» Work order
Every line of the listing is returned unchanged, and every picture is dropped.

» Given information
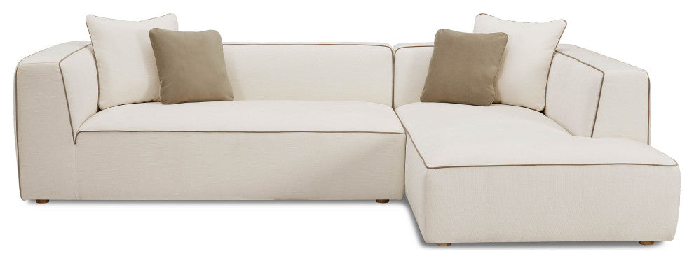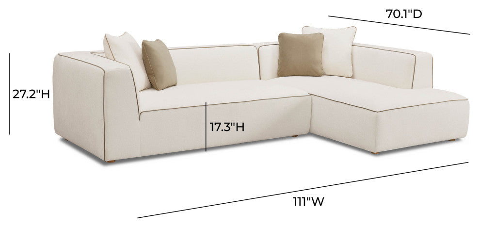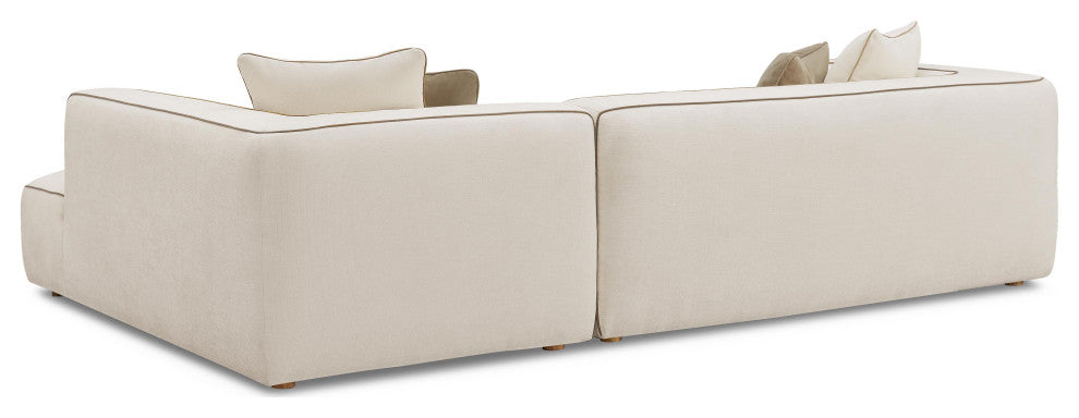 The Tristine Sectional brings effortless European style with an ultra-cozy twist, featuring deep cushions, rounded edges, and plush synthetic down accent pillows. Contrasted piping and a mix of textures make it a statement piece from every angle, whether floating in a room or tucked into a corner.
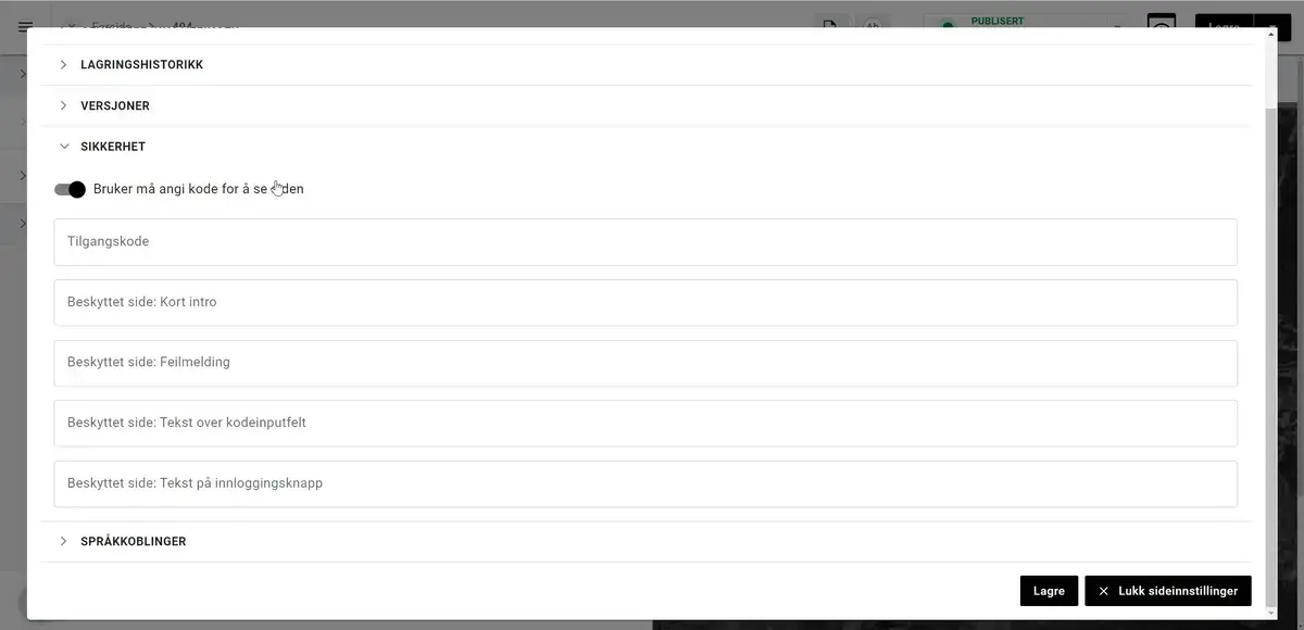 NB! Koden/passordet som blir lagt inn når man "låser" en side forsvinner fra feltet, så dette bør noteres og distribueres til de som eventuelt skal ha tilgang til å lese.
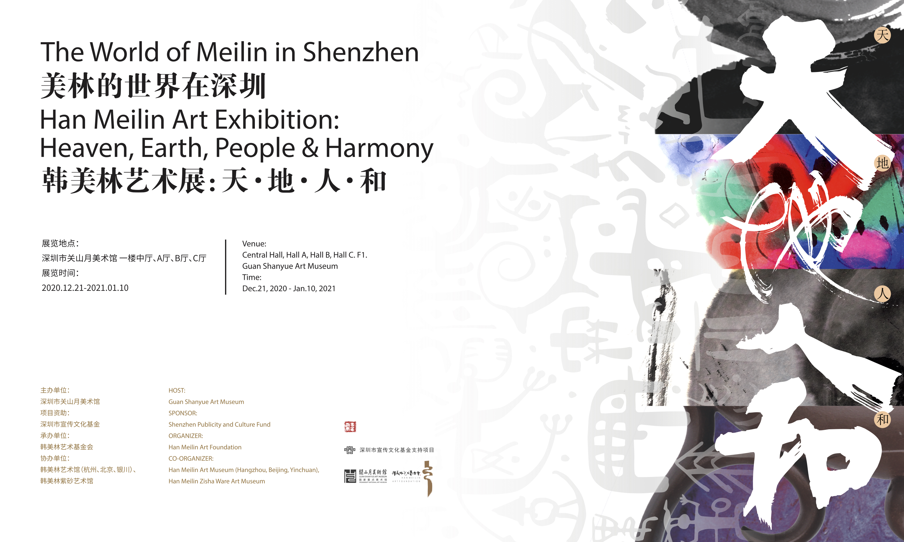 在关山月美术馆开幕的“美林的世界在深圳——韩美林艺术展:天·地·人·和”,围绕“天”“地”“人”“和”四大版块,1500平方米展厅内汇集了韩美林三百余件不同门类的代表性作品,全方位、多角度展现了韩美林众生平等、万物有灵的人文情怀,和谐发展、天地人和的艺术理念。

» Answer area
 The Tristine Sectional brings effortless European style with an ultra-cozy twist, featuring deep cushions, rounded edges, and plush synthetic down accent pillows. Contrasted piping and a mix of textures make it a statement piece from every angle, whether floating in a room or tucked into a corner.
 NB! Koden/passordet som blir lagt inn når man "låser" en side forsvinner fra feltet, så dette bør noteres og distribueres til de som eventuelt skal ha tilgang til å lese.
 在关山月美术馆开幕的“美林的世界在深圳——韩美林艺术展:天·地·人·和”,围绕“天”“地”“人”“和”四大版块,1500平方米展厅内汇集了韩美林三百余件不同门类的代表性作品,全方位、多角度展现了韩美林众生平等、万物有灵的人文情怀,和谐发展、天地人和的艺术理念。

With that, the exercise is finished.